The Occupational Safety and Health Act (OSHA) requires all covered employers to “furnish to each of his employees employment and a place of employment which are free from recognized hazards that are causing or are likely to cause death or serious physical harm to his employees.” It focuses on “an employer’s duty to prevent hazardous conditions from developing in the employment itself or the physical workplace.” The taking of genetic information from an employee is considered a routine part of a standard medical practice designed to identify factors important to the employee’s general health. An issue that will likely arise if genetic testing of employees becomes more common is what responsibility under OSHA an employer has to an employee when that employer knows that an employee’s genetic markers make him or her more susceptible to harm from chemicals or toxins in the workplace.

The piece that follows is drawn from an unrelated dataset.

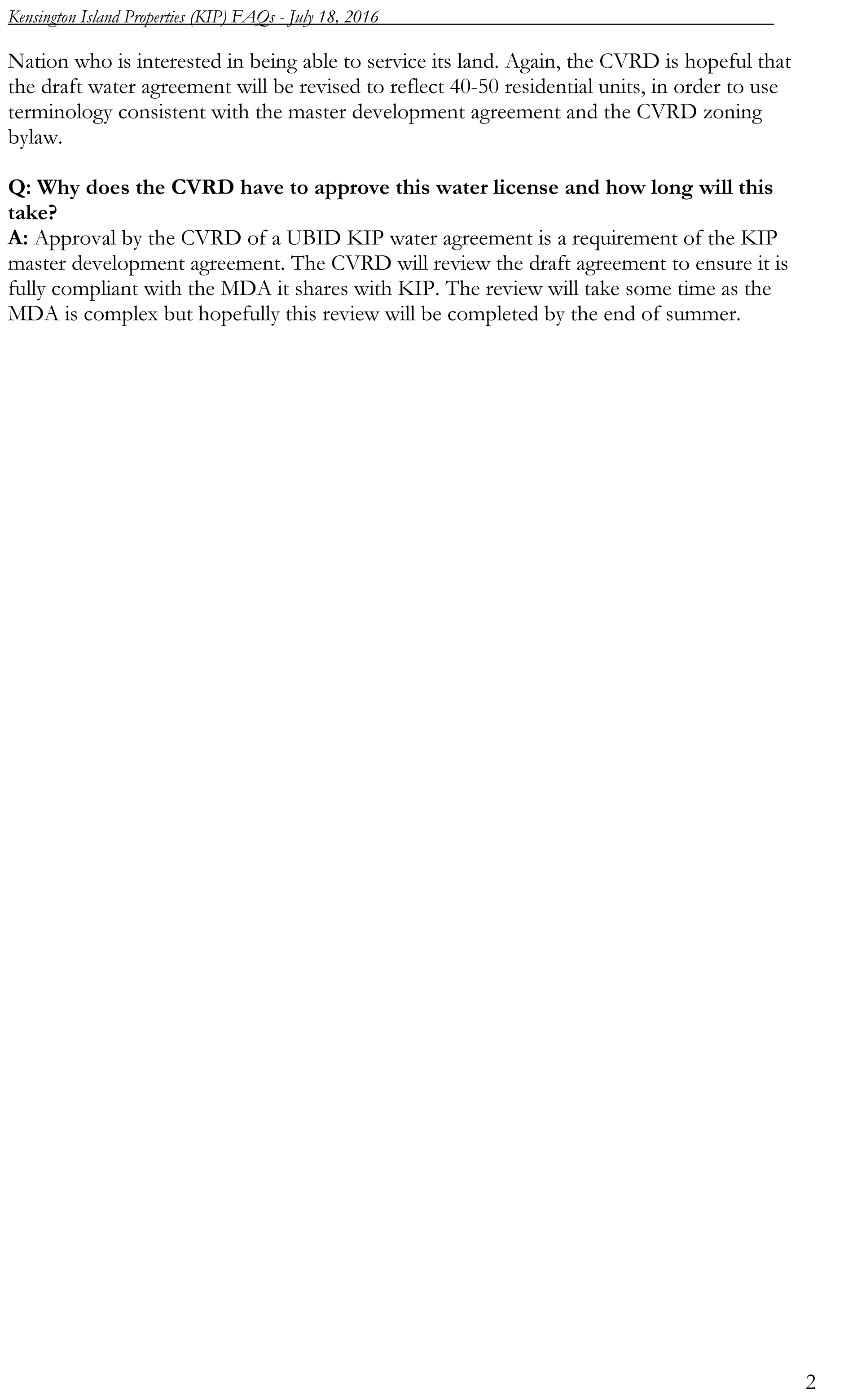 Please accept this as my objection to the vote taken by the majority of the trustees on Sunday Nov. 13, 2016, granting 34083 Yukon Inc. the authority to proceed based on the expired agreement. I have many objections to this agreement but my concern is the actions taken by trustees Bitten, Jacques and Loxam knowingly entering into an agreement which violates our water license by granting 34083 Yukon Inc. 500 water hookups which exceeds the 1045 allowed. I cannot express my shock that no consideration has been taken to protect the landowners from liability. I would hope that you or our lawyers will be able to prevent putting us at financial risk.

State statutory and common-law issues.

More than half of the states now have laws addressing genetic testing and information gathering by employers. Many prohibit the use of genetic information in any employment decisions. Others prohibit employers from soliciting, requiring, or administering a genetic test to applicants or employees. Some allow genetic testing of applicants or employees if there is consent and a legitimate purpose for the test, such as monitoring the employee’s susceptibility to potentially toxic substances in the workplace.

Developed common-law theories such as negligence provide some guidance to employers on the legal issues they may encounter as they enter the field of genetic science. For example, some state courts have considered whether employers and/or their physicians have a duty to discover or disclose medical conditions of applicants and/or employees, and the decisions are relevant to the discussion of what types of common-law duties employers may have when administering genetic tests to applicants or employees.

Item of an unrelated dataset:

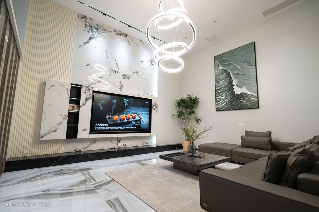 客厅与玄关处利用白色大理石吧台做隔断,独特纹理的大理石,尽显简约大气风;搭配两把高脚凳和一株鲜花,给平淡的生活增添一点情调。 客厅做了挑高设计,四面通透,尽显大宅气势;同时安装环形旋转大吊灯,加上艺术挂画、郁葱绿植为点缀,既能减少空旷感,又能增添空间的美感。L型的深色皮艺沙发拥有舒适的软包造型,加上浅色的地毯和黑色大理石茶几,让客厅也变得更加的优雅和精致。 电视背景墙是纵横交错的大理石风格,黑色的独特纹理就像一幅独特天然的艺术作品,侧边辅以木格点缀,让这里也能成为整个客厅的视觉要点。并将电视嵌入其中,整洁、美观,还带着丝丝轻奢之意。 客厅最大的设计亮点便是靠墙打造了满墙的酒柜,酒柜采用金色柜门和玻璃柜门共同打造而成,玻璃柜门内打造了储物格并配有灯带,存放美酒。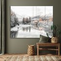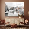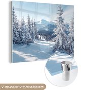 MuchoWow® Peinture sur verre 160x120 cm - Peinture sur verre acrylique - Nature - Hiver - Arbres - Montagnes - Neige - Photo sur verre - Peintures

General tort principles of reasonable reliance provide that a person’s failure to disclose the existence of a known danger may result in liability for negligence where the plaintiff is misled, resulting in an injury. Such nondisclosure may be the equivalent of a misrepresentation where it is to be expected that another will rely upon the appearance of safety. There is a possibility an employer may be liable under common-law theories if its physician does not discover a genetic predisposition during an employment-related exam. Many state courts have held that absent a physician-patient relationship, physicians hired by employers are not required to discover medical conditions of applicants or employees examined. However, a few courts have imposed upon an employer and its physician a duty to discover medical conditions of an applicant or employee.

Common-law invasion of privacy claims also can be fertile grounds for employees who are genetically tested without their informed consent. Genetic testing can be quite intrusive owing to the examination itself, as well as the information it can reveal. Although there are few published decisions on the subject of genetic testing of employees, it is likely that such testing programs could be challenged under common-law invasion of privacy theories.